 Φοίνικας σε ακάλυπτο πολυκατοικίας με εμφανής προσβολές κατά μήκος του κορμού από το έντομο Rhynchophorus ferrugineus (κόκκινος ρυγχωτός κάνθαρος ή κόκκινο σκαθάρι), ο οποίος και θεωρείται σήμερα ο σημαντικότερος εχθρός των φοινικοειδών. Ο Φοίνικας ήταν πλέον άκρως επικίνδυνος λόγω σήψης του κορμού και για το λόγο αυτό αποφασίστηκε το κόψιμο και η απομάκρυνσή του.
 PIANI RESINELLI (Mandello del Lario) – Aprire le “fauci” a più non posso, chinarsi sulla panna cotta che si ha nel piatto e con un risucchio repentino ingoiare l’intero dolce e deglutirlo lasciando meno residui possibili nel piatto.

------

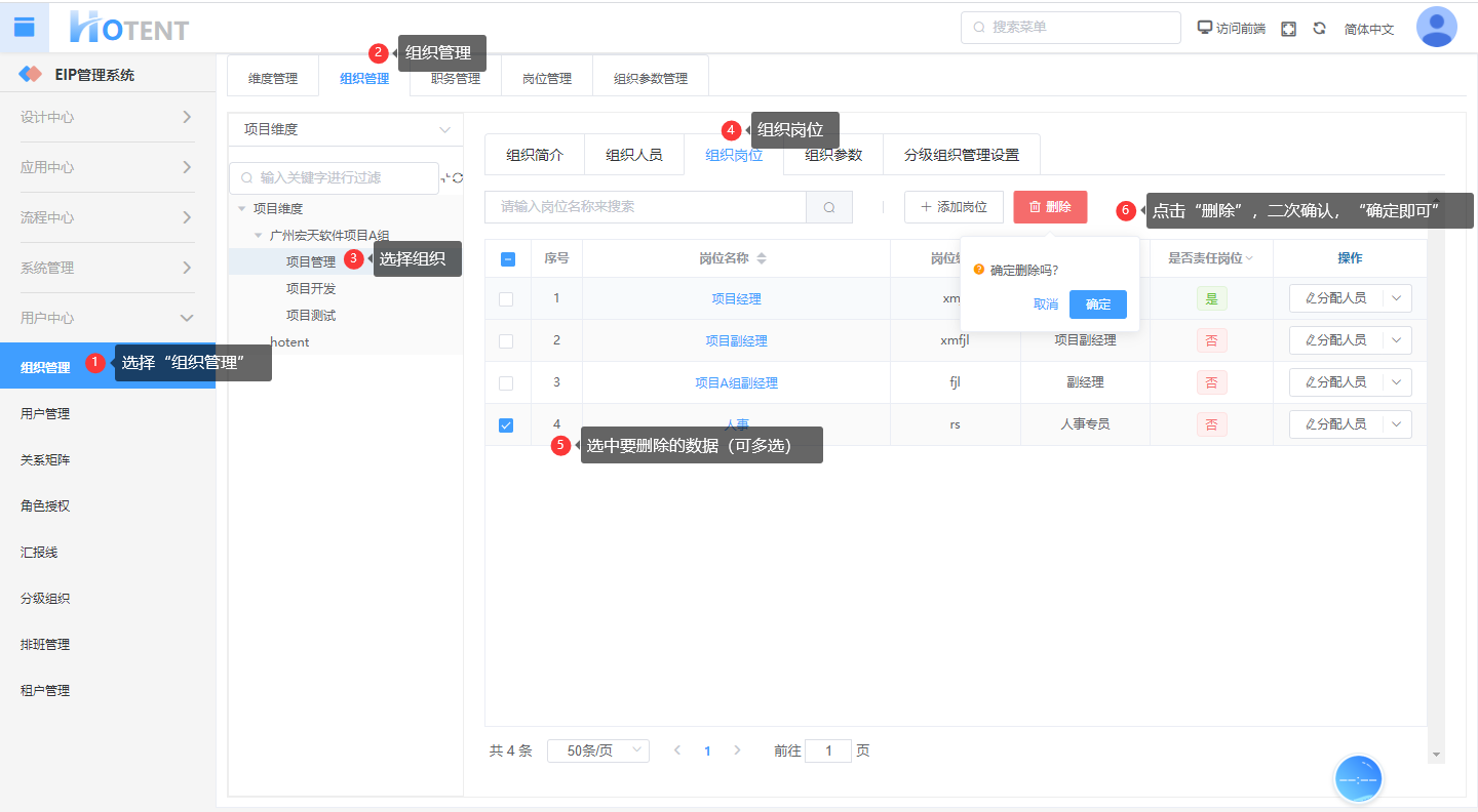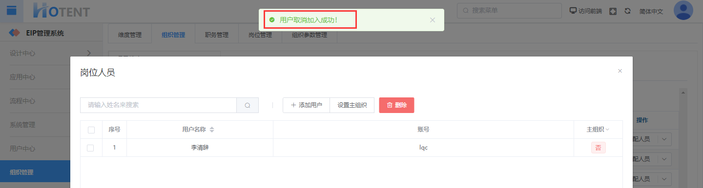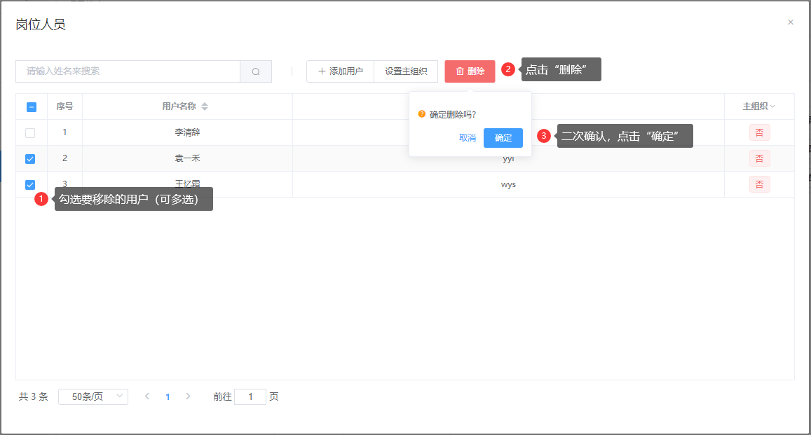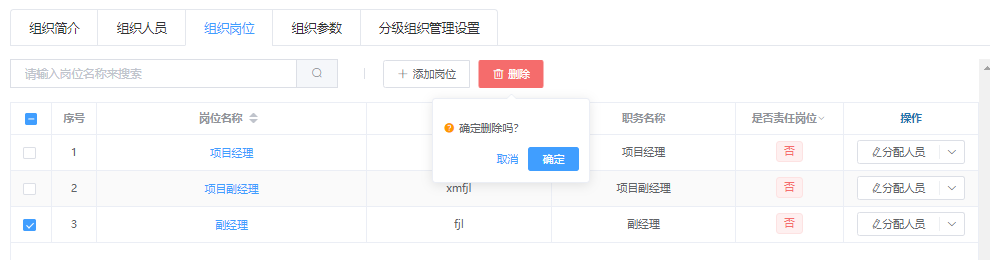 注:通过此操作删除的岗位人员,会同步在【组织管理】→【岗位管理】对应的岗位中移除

------

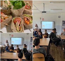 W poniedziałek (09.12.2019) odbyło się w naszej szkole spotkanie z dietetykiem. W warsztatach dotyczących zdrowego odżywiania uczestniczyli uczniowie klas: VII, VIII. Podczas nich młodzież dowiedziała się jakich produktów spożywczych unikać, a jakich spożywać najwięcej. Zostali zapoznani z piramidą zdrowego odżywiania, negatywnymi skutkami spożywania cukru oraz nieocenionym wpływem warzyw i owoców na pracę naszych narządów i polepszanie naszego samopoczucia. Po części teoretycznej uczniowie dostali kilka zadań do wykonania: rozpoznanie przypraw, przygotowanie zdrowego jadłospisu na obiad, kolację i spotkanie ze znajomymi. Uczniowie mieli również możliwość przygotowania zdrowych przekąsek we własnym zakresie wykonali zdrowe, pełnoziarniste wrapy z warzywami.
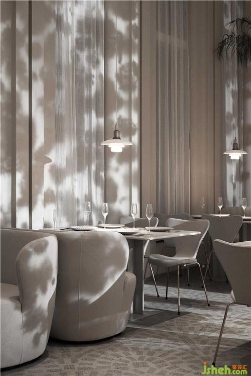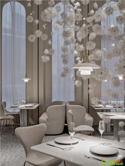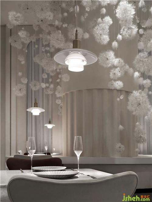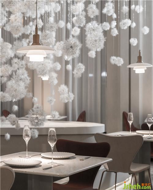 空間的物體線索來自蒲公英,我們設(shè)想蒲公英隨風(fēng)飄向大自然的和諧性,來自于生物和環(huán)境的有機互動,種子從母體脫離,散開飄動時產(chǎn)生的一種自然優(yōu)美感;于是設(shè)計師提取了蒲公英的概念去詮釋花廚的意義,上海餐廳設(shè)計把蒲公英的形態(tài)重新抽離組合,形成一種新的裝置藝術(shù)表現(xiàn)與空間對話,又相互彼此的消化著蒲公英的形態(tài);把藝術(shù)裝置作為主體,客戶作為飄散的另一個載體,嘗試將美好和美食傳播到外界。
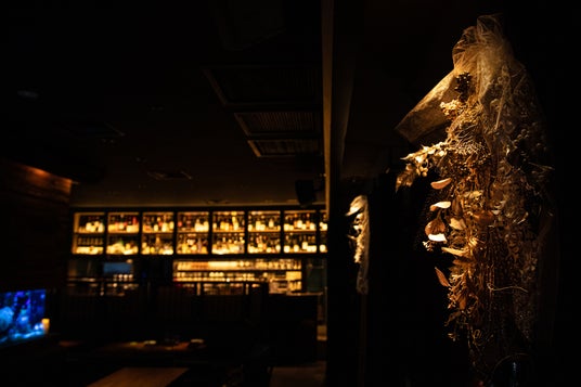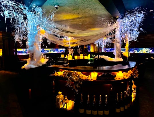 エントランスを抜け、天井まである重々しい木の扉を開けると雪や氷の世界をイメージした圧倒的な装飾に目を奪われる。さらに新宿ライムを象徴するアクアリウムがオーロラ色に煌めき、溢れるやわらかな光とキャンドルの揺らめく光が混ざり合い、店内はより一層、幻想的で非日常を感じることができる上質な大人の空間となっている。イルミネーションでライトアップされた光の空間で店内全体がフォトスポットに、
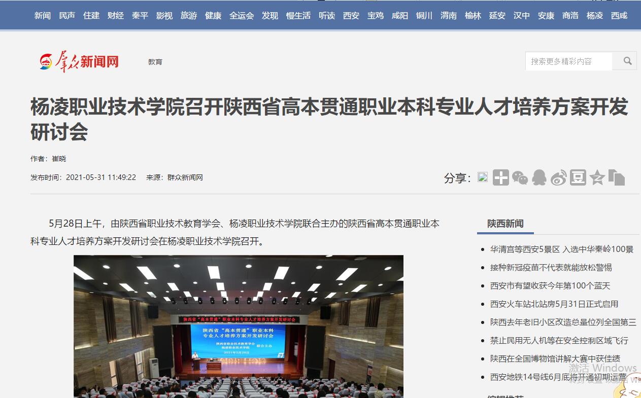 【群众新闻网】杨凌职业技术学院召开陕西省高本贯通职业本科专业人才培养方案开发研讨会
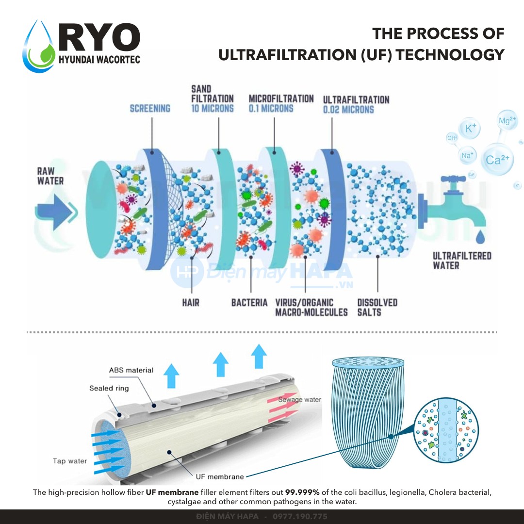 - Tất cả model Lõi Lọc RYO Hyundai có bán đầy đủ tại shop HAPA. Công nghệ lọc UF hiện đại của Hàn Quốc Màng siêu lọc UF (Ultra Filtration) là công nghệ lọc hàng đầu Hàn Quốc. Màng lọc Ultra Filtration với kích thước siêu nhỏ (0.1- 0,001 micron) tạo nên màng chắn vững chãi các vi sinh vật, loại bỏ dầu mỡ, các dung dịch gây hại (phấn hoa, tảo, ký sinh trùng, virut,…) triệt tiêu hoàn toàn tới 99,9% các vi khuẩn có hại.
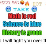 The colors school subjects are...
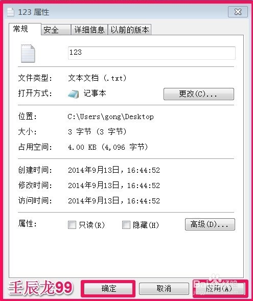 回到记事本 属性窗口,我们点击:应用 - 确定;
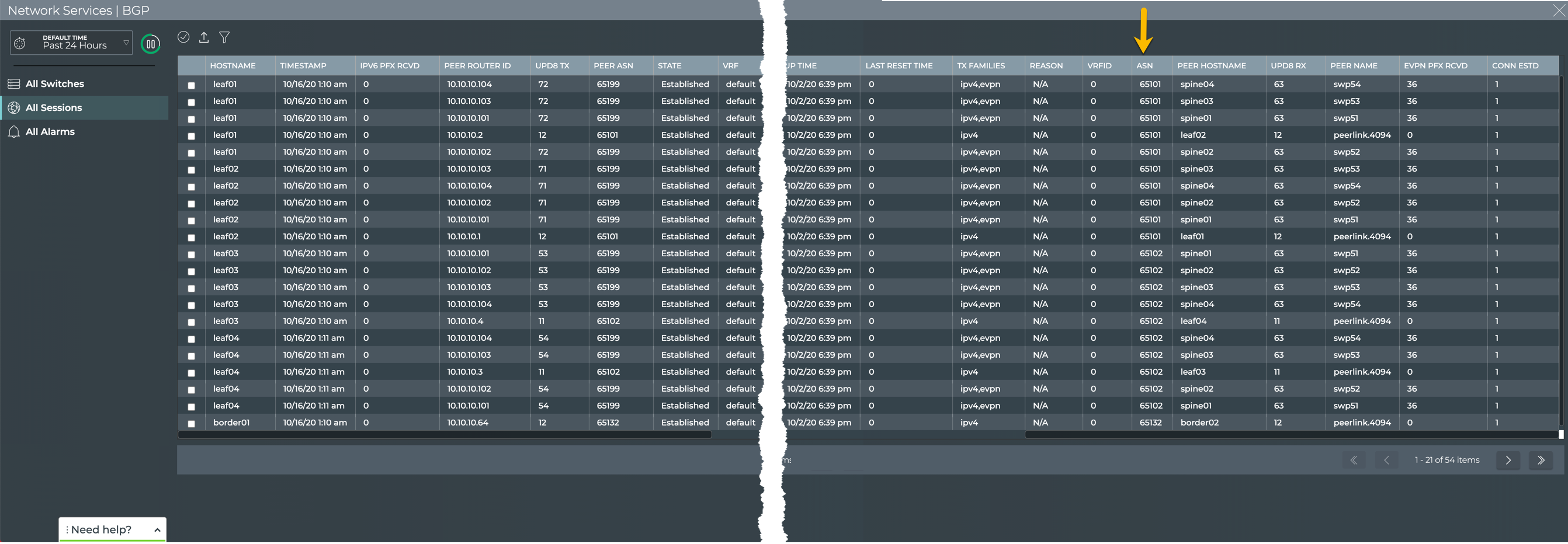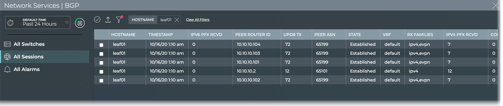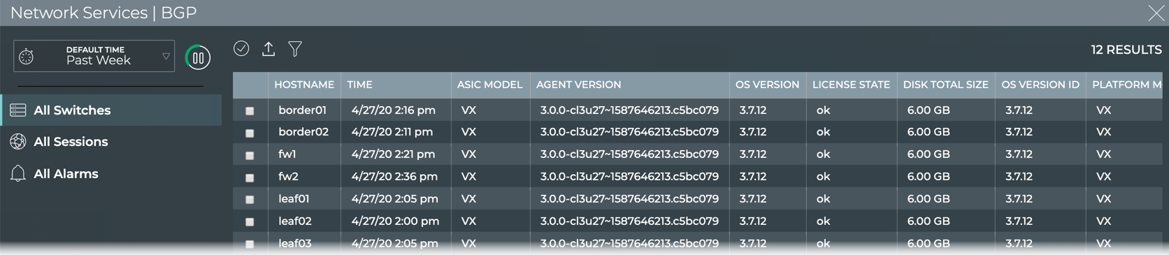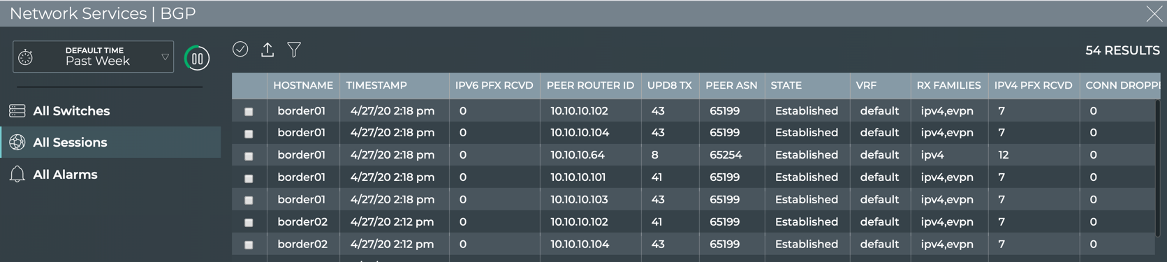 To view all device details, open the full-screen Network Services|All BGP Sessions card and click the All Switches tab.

------

> [ABOUT THIS TASK]: Using the material above, reproduce only the lines that run from the line with "空間的物體線索來自蒲公英,我" up to and including the line with "To view all", exactly, with the pictures dropped.

> [EXERCISE RESULT]:
 空間的物體線索來自蒲公英,我們設(shè)想蒲公英隨風(fēng)飄向大自然的和諧性,來自于生物和環(huán)境的有機互動,種子從母體脫離,散開飄動時產(chǎn)生的一種自然優(yōu)美感;于是設(shè)計師提取了蒲公英的概念去詮釋花廚的意義,上海餐廳設(shè)計把蒲公英的形態(tài)重新抽離組合,形成一種新的裝置藝術(shù)表現(xiàn)與空間對話,又相互彼此的消化著蒲公英的形態(tài);把藝術(shù)裝置作為主體,客戶作為飄散的另一個載體,嘗試將美好和美食傳播到外界。
 エントランスを抜け、天井まである重々しい木の扉を開けると雪や氷の世界をイメージした圧倒的な装飾に目を奪われる。さらに新宿ライムを象徴するアクアリウムがオーロラ色に煌めき、溢れるやわらかな光とキャンドルの揺らめく光が混ざり合い、店内はより一層、幻想的で非日常を感じることができる上質な大人の空間となっている。イルミネーションでライトアップされた光の空間で店内全体がフォトスポットに、
 【群众新闻网】杨凌职业技术学院召开陕西省高本贯通职业本科专业人才培养方案开发研讨会
 - Tất cả model Lõi Lọc RYO Hyundai có bán đầy đủ tại shop HAPA. Công nghệ lọc UF hiện đại của Hàn Quốc Màng siêu lọc UF (Ultra Filtration) là công nghệ lọc hàng đầu Hàn Quốc. Màng lọc Ultra Filtration với kích thước siêu nhỏ (0.1- 0,001 micron) tạo nên màng chắn vững chãi các vi sinh vật, loại bỏ dầu mỡ, các dung dịch gây hại (phấn hoa, tảo, ký sinh trùng, virut,…) triệt tiêu hoàn toàn tới 99,9% các vi khuẩn có hại.
 The colors school subjects are...
 回到记事本 属性窗口,我们点击:应用 - 确定;
 To view all device details, open the full-screen Network Services|All BGP Sessions card and click the All Switches tab.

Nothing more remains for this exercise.